Molds of this type, formed from plates, have been used in the curved continuous-casting process for the production of billets, blooms and other ingots of square, rectangular and generally polygonal profiles or cross-sections and impart a predetermined bend to the continuous ingot as it is cast and in the casting direction to avoid bending stresses in one relatively thin shell of hardened steel surrounding the soft inner core of the strand emerging from the mold.
In addition, it is desirable to impart to the channel a convergency in the direction of casting, i.e. a progressive reduction in the mold cross-section, corresponding to the shrinkage of the cooling cast strand to ensure continuous contact between the cooling strand and the inner wall of the mold over the entire length thereof.
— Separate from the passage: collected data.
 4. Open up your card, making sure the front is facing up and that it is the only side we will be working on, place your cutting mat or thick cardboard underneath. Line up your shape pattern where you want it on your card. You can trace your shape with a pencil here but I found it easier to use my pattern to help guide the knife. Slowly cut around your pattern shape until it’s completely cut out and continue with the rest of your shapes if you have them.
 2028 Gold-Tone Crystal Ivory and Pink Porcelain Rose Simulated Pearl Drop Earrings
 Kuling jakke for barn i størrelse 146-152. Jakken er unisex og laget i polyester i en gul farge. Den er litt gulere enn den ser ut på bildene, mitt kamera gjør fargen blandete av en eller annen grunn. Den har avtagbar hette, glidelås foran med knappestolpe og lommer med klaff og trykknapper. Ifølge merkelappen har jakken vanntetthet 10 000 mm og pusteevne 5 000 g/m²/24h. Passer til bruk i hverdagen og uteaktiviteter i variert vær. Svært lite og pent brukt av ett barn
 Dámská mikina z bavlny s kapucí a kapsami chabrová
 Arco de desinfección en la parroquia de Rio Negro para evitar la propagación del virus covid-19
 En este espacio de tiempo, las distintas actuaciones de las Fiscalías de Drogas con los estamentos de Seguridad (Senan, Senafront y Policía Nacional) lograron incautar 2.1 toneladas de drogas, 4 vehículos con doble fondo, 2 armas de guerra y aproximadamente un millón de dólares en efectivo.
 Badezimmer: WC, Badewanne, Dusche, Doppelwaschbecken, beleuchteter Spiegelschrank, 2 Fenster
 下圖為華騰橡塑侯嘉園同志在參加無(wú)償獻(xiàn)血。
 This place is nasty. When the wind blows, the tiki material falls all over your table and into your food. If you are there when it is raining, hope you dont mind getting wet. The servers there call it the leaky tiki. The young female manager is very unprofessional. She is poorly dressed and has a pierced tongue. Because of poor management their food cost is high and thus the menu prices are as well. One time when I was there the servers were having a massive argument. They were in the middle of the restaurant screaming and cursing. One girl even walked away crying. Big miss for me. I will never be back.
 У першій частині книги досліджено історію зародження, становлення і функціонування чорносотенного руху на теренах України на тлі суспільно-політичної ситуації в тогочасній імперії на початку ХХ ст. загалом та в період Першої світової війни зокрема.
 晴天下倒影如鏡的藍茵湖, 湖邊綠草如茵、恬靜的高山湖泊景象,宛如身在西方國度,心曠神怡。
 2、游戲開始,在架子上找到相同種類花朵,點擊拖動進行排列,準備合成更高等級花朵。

Furthermore, it is frequently desirable to so shape the corners on the mold or channel so that corner stresses on the cast body is minimized.
Because of wear, grooving and loss of conicity of the channel, the internal surfaces of the continuous casting mold must be periodically machined or refinished to restore the original surface finish and original dimensions of the mold channel.
With plate-formed molds, which have a complex geometry because of the aforedescribed criteria of bending and convergency, this machining is a serious problem because it is difficult to carry out and further because the material removal operation which refinishing involves leads to an increase in the mold cross-section and a corresponding increase in the cross-section of the continuous casting produced therein.
When it is desirable to retain the original dimensions of this cross-section, there have been only two alternatives heretofore. Either the wear is delayed so that refinishing or remachining is held in obeyance as long as possible, or one discards one or more mold plates or the entire mold.
To delay wear of the internal surfaces of the mold it is known to provide the internal surfaces with a coating of a wear resistant material such as zirconium oxide. However, these techniques are extremely expensive and have proved to be economically undesirable in many instances.
Thus one had to select either a complex and expensive machining process, generally with increase in the cross section of the mold channel and hence in the continuous casting produced therein, or a process whereby the internal surfaces of the mold were protected against wear to the greatest degree possible at extremely high cost, or a system whereby all or part of the mold was discarded when wear occured. None of these alternatives have proved to be fully satisfactory.